I agree with Professor Craven wholeheatedly here.  However, some of these
people are also well-intentioned.  I know Professor Craven believes that it
is the "well-intentioned" people who cause the most trouble; however, why
should not those who wish to help be encouraged?  Sure there are crooks and
posers and frauds, and we should expose them.

 When Maya Angelou, a superstar came to Clark, for a fee of $20,000 plus
> a food/bar bill of $5,000, there was a huge turnout from the Admin with a
> line-up for with-celebrity-photos and autographs. When Harriet Nahane, Dr.
> Robert Ward and Uva Jane Ankenbauer and all the other speakers and
drummers
> who came asking only small amounts for their expenses and labor, many of
> those who were listed under acknowledgements for the events were nowhere
to
> be found to hear what was being said.

Yes, this is sad.  It does make one wonder about priorities.
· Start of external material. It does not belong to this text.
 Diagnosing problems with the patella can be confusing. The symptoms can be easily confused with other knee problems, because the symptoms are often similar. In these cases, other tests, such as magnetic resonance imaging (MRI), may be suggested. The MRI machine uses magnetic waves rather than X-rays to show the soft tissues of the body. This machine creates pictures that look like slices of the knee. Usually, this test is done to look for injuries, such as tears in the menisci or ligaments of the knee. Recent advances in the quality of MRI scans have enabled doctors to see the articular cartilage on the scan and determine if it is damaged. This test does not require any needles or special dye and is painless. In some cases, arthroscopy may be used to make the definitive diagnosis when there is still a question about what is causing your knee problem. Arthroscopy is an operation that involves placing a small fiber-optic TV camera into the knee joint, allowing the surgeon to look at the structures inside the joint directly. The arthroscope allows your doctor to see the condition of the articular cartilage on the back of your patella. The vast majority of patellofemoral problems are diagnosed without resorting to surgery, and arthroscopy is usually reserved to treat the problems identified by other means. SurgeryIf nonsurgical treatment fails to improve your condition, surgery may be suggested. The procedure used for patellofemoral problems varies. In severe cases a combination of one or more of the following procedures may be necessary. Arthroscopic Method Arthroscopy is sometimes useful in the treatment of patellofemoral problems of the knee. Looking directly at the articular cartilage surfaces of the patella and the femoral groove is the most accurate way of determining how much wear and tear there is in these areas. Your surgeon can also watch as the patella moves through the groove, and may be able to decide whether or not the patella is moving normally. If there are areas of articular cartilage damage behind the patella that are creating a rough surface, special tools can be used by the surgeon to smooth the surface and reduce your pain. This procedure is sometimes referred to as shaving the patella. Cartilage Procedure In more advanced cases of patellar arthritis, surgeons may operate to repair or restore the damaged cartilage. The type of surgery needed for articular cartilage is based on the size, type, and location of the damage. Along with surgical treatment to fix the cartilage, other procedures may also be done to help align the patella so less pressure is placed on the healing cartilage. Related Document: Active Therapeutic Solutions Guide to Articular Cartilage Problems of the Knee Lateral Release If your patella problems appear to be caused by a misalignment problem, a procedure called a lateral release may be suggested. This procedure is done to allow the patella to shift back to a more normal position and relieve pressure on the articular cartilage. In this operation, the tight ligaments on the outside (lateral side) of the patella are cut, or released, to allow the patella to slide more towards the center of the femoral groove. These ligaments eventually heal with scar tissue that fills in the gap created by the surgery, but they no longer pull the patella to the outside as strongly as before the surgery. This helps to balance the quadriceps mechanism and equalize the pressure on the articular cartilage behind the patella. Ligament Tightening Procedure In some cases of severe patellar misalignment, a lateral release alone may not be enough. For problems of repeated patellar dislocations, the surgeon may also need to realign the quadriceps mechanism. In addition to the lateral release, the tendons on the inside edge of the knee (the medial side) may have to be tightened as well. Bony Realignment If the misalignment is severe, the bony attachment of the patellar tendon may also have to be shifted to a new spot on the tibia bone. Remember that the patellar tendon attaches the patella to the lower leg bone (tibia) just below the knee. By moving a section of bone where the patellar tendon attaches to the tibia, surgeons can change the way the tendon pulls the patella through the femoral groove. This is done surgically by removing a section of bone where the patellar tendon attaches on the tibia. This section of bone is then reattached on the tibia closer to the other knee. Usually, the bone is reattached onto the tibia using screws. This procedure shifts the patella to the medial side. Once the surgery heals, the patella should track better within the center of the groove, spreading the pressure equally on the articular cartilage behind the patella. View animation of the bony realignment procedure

 The real issue was not just the
> erection of the Totem Pole or the ceremonies, the real issue was also to
> have real Indian voices and expressions of Indian cultures introduced and
> heard. This was especially important in that we are charged with teaching
> campus-wide abilities which include Global/Multicultural awareness, and I
> for one am frightened at the thought of some on campus teaching anything
> about Indians or anything non-white given the gross insensititivities and
> base ignorance some of them have already demonstrated.
>
Well, then Professor Craven should I teach a course on Native American
Literature, or should I have that course cancelled?  I am a literature
teacher, and I have read widely in Native American literature. Though I have
met and talked to many Native American authors help some get published, and
though I have been and advisor for the NASC, I have never lived on the
reservation, nor have I been an Indian activist. I am a white-man and as
such have encountered much resistance to participation.  I fully understand
such wariness and mistrust. Can a white person teach minoritiy literature?
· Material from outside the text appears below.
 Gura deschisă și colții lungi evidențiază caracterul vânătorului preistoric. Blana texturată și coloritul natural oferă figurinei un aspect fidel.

Response (Jim C) How can Dr. Smith say these people are "well-intentioned"
and yet say we cannot infer intentions without direct from-the-mouth
evidence? Now he is inferring "intentions". Some who call themselves
"well-intentioned" demonstrate patronizing behavior. Some who call
themselves "well-intentioned" want Indians to act according to their own
"civilized" standards and within their own "civilized" parameters. Some want
Indians to be "quaint" and dance for the tourists, burn sweetgrass and
dress-up "Indian", but when it comes to discussing and analyzing real
issues--life-and-death issues--of Indian Country they want no part of it.
They don't mind a little poetry or literature from a "circuit Indian", but
they want no part of someone like Harriet Nahane, a poor, "untitled" (except
Pacheedaht Chief and Venerated Elder) who talks about the horrors of the
Indian Residential/Boarding Schools, pedophile rings using Indian children,
etc. all done in the name of "Christianity"; that might offend some
potential donors or some self-professed missionary types. They want "safe"
and "respectable/titled" Indians who patronizingly and solicitously handle
the non-Indians who are patronizingly and solicitously are handling them.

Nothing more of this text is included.